EPSU calls on EP to reject ISDS in plenary vote on TTIP10 June

(29 May 2015)
EPSU calls for EP plenary vote on TTIP to ‘replay’ ISDS vote, stick to commitments on public services, and protect workers’ rights

In the run up to the plenary vote on TTIP in the European Parliament on 10 June 2015, the European Federation of Public Service Unions (EPSU) calls on all political groups to take a long and hard look at Investor to State Dispute Settlement (ISDS).

The proposals from the European Commission for a reformed ISDS do very little to address the fundamental problem with ISDS, which is essentially to do with justice(*). The vast majority of ordinary citizens realise that it is unjust to give special rights to one group of society: why cannot the European Parliament and national governments do the same? Rather than spreading the disease, even in a milder form, the EP and Member States should insist on a cure and reject ISDS in TTIP, and in CETA, (the recently concluded EU-Canada trade agreement).

Similarly, EPSU considers there is no place for public services within TTIP. Here the EP INTA Committee vote on 28 May agreed important safeguards for public services, but these must now be translated into solid legal text. This requires firm commitments from national governments too. “Citizens need to be very vigilant that their governments do not sneak in irreversible liberalization of public services such as water, education, health and social services under the cover of TTIP while the EU institutions stand by and say these are national choices that have nothing do with them,” said EPSU General Secretary Jan Willem Goudriaan. “The EU social model must uphold democratic choices over how public services are run including when people decide on reversal of liberalisation or to remunicipalise a service.”

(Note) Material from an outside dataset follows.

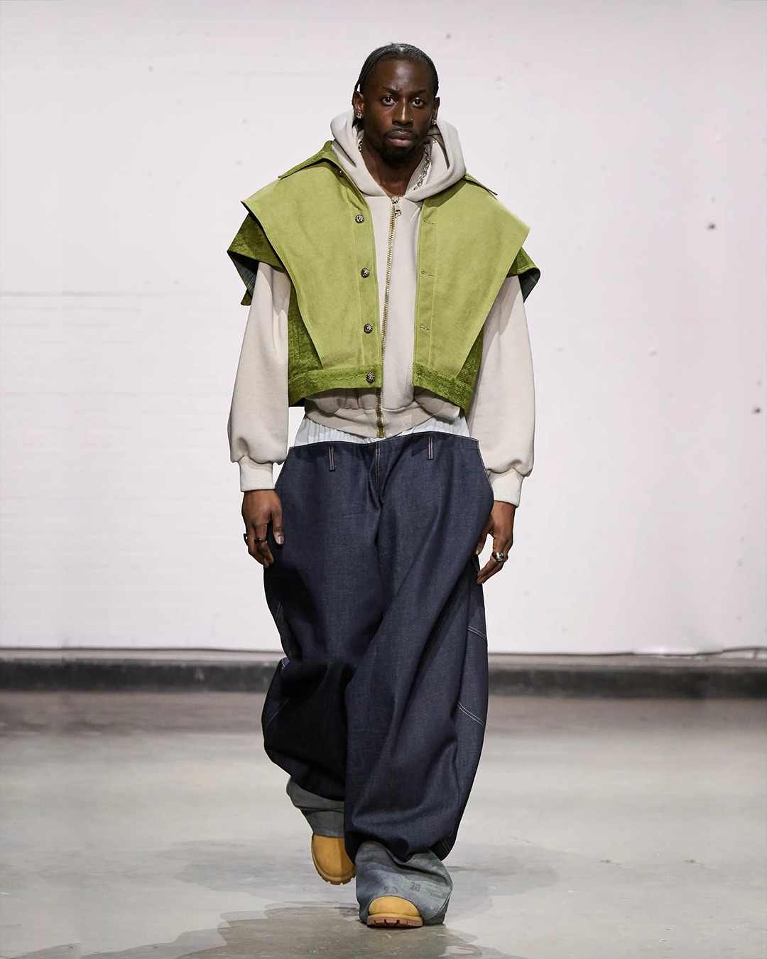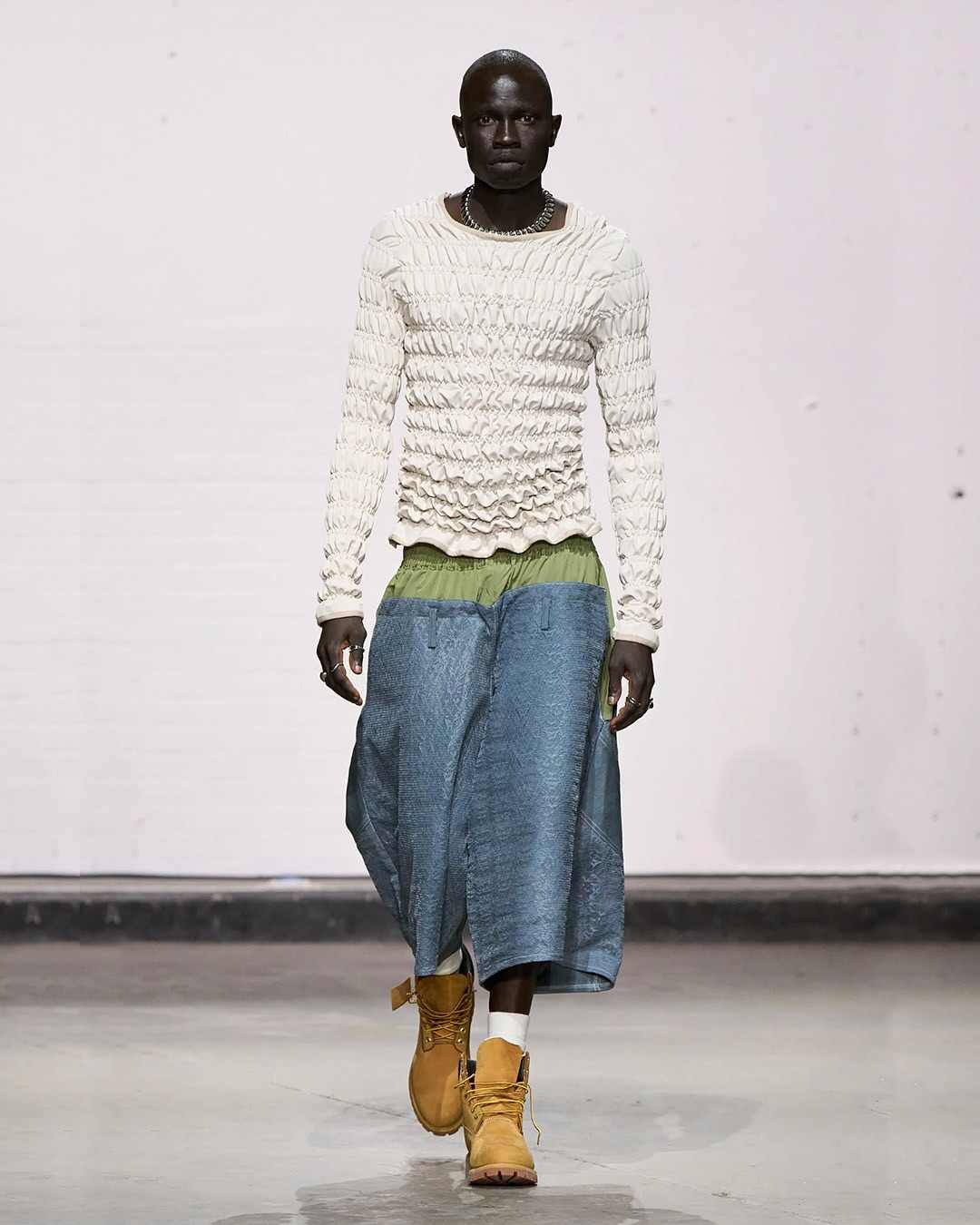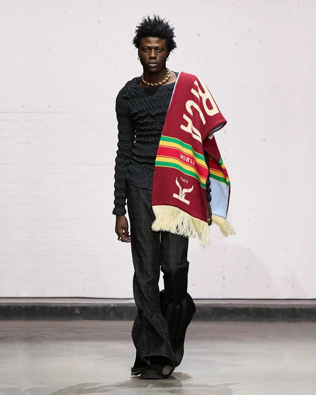 Kelechi Mpamaugo 的系列以「Home and World」命名,灵感源于其美国和尼日利亚血统双重血统,两个世界之间的「文化流动」被巧妙转化为设计元素,呈现出一种和谐的融合。例如传统尼日利亚头饰,以及被切割成西非传统长袍的飞行员夹克等。通过一个个鲜明的设计符合,表达了设计师对全球文化交融的深刻理解。

Finally, EPSU calls for the EP plenary vote to uphold the demand by the EP INTA Committee that the US ratifies all the fundamental ILO Conventions. This is the absolute minimum for any EU trade agreement: If the EU and US want TTIP to be a ‘flagship’ agreement that would contribute to fair globalization, they should of course have much higher ambitions and advocate – and implement – a full range of labour (and environmental) standards within the international legal system.